Tuesday, June 2, 2009

Post 6 - Doe Boy

I know I said that I couldn’t stand “The Doe Boy” but that wasn’t meant in an “I hate it” way. It was meant in an “I’m overwhelmed” way and my emotional bucket was at its rim and couldn’t stand any more filling up. What an incredibly touching film and not just for Natives. Like Walker said about Harjo’s “Barking Waters”, I would agree the same is true for Randy Redford’s “The Doe Boy,” and I would suggest that there should be more films like them rather than the exception.
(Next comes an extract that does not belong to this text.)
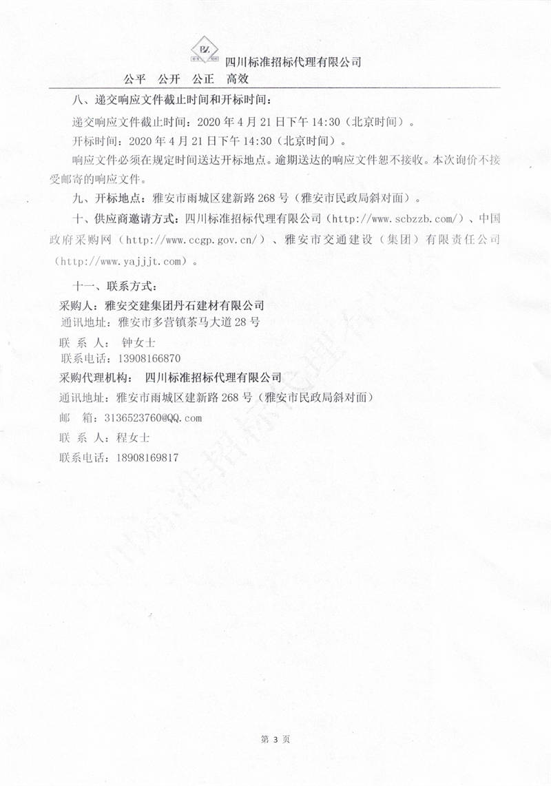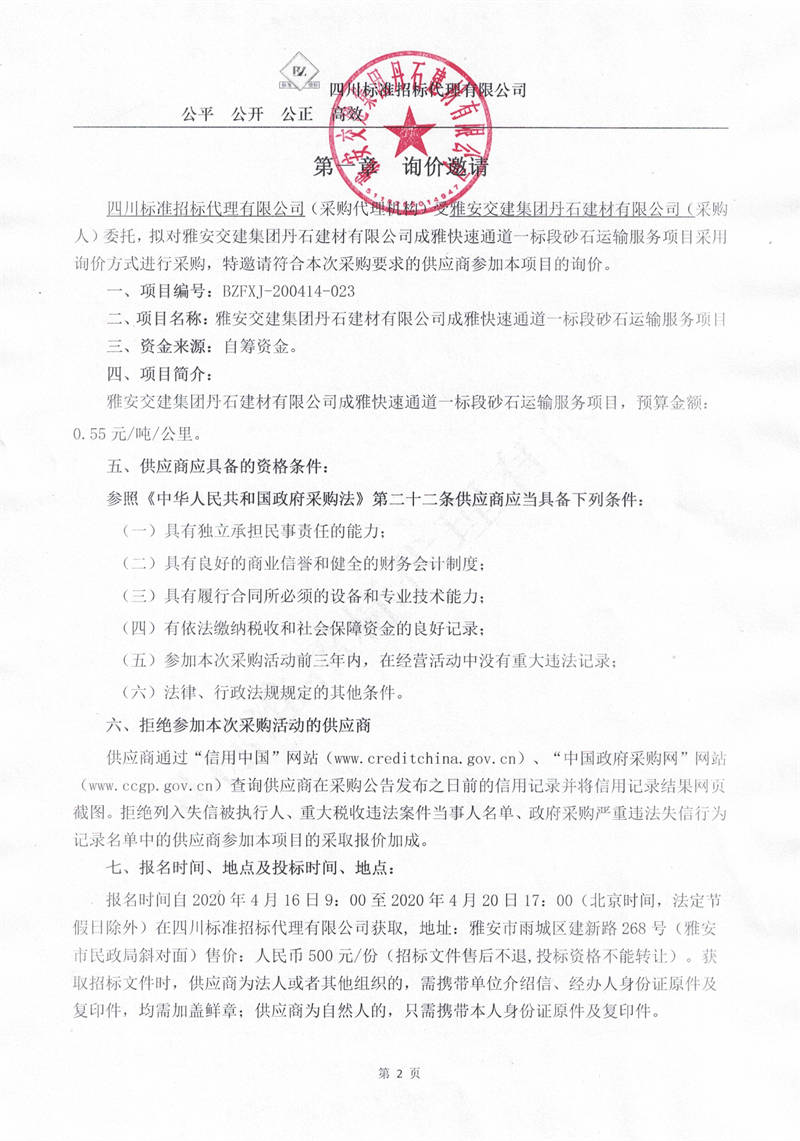 雅安交建集團(tuán)丹石建材有限公司成雅快速通道一標(biāo)段砂石運(yùn)輸服務(wù)項(xiàng)目詢價(jià)公告

“The Doe Boy” can be seen and probably in no other way as through a close-to-life lens. Its power lies in the fact that it really moved me. Most movies hide a lot or make a lot up for the benefit of entertainment, but I don’t think its entertainment until some one is honestly moved or affected. This is what “The Doe Boy” did for me. It was a film that let me realize how every other film I’ve watched up to this point was laced with an imagination that oftentimes makes its citizens live and believe in an alternate world and this can’t be all that great supporting and influencing a society. This is because certain behaviors are based on misleading interpretations, almost on the fence of breeding immaturity.
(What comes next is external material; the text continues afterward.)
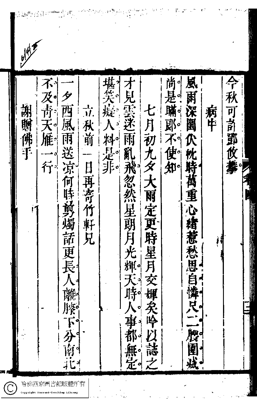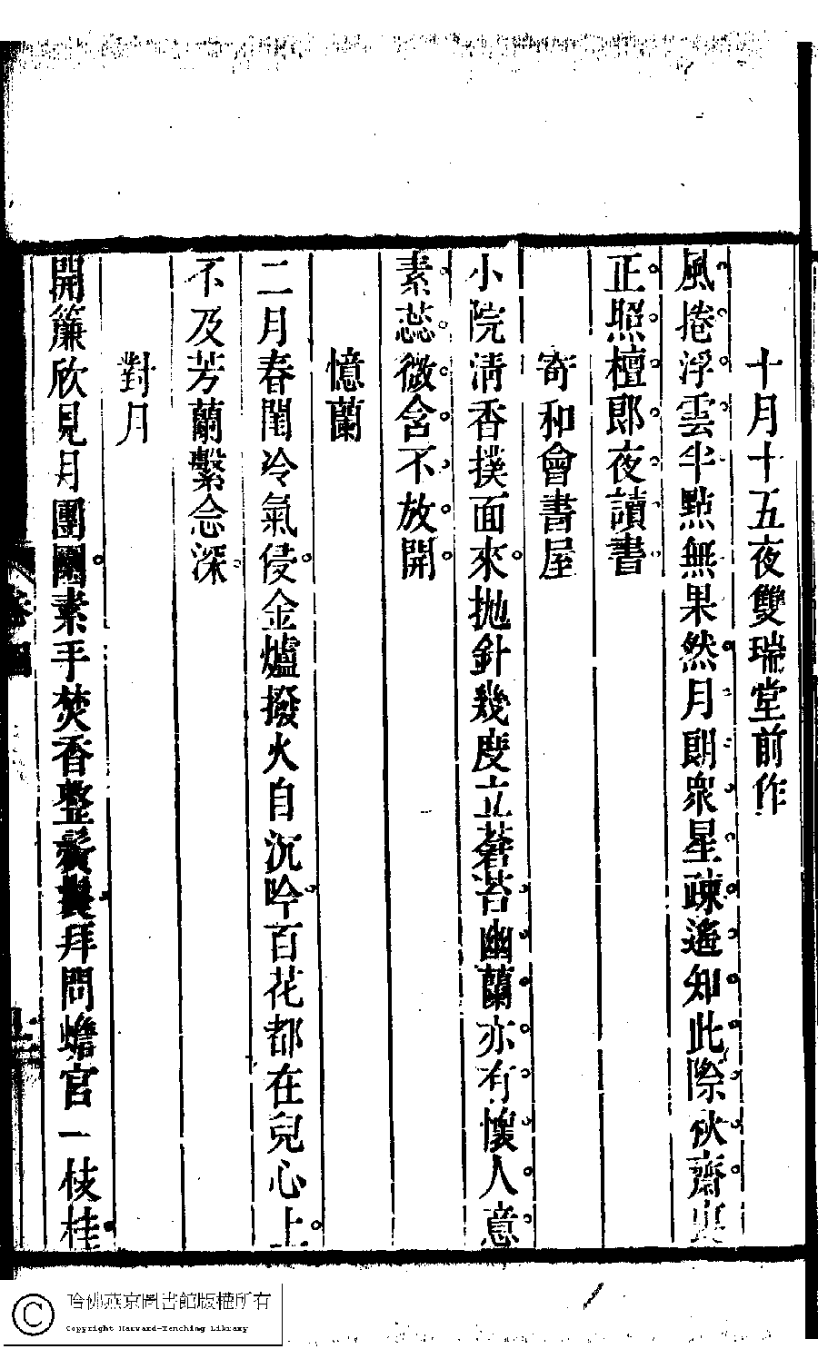 | Appears in: Suiyuan nü di zi shi xuan: 6 juan (edited by Yuan Mei, Qing dynasty) |

For the character Hunter, he dealt with life and this is something hard to express in films because the entertainment value gets in the way. I am trying to say that a true sense of reality and life is seen through and understood by watching this movie. So someone who has been sheltered and living in an alternate reality is given a jolt to wake up.

Sometimes lower-budget films are great because they don’t use made-up material. The directors are forced to use what is available and not what is made on a computer or with some other fashionable tool or decoration. Sometimes movies become so convoluted with the entertainment factor that they oftentimes shape a society in a negative way, kind of like the YouTube clips on Native American stereotypes in film that we watched. I’m not saying that all movies should have that “real factor” that “The Doe Boy” has; I’m just suggesting that there should be more of them and I think Harjo and Redford are onto something.